Given material -
########

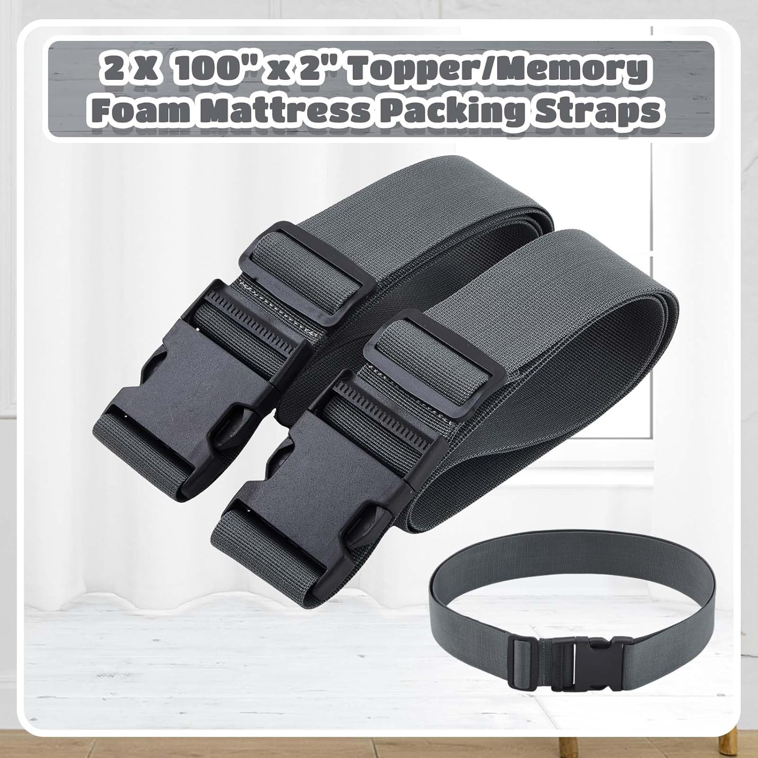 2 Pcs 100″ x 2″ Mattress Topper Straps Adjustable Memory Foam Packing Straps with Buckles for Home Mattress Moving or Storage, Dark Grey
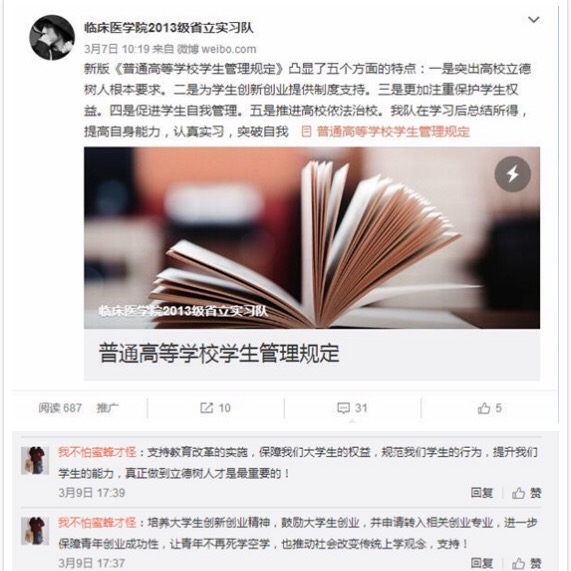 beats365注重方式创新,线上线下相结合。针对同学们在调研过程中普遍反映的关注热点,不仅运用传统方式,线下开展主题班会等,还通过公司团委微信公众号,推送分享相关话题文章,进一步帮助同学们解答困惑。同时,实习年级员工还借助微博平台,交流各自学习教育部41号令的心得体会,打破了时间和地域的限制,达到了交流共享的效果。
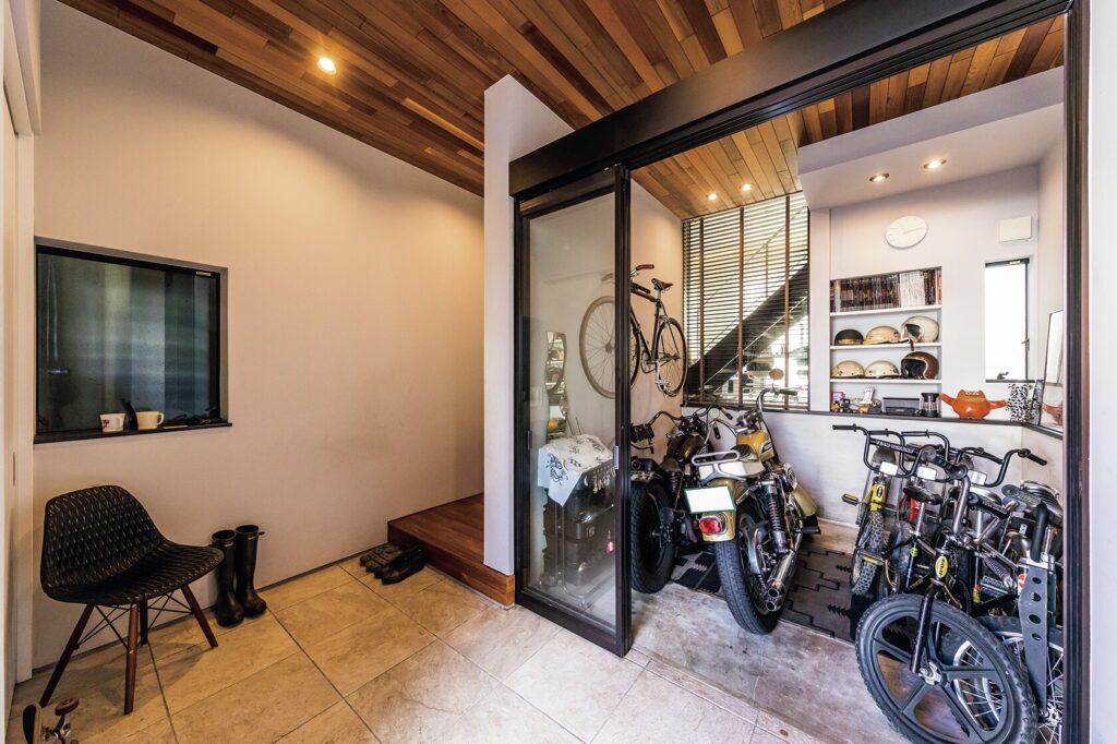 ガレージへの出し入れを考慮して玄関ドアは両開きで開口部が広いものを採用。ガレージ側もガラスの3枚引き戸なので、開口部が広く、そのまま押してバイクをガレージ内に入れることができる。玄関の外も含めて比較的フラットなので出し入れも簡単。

########

What is being asked - Pictures aside, the material must be written out word for word.

Exercise solution -
 2 Pcs 100″ x 2″ Mattress Topper Straps Adjustable Memory Foam Packing Straps with Buckles for Home Mattress Moving or Storage, Dark Grey
 beats365注重方式创新,线上线下相结合。针对同学们在调研过程中普遍反映的关注热点,不仅运用传统方式,线下开展主题班会等,还通过公司团委微信公众号,推送分享相关话题文章,进一步帮助同学们解答困惑。同时,实习年级员工还借助微博平台,交流各自学习教育部41号令的心得体会,打破了时间和地域的限制,达到了交流共享的效果。
 ガレージへの出し入れを考慮して玄関ドアは両開きで開口部が広いものを採用。ガレージ側もガラスの3枚引き戸なので、開口部が広く、そのまま押してバイクをガレージ内に入れることができる。玄関の外も含めて比較的フラットなので出し入れも簡単。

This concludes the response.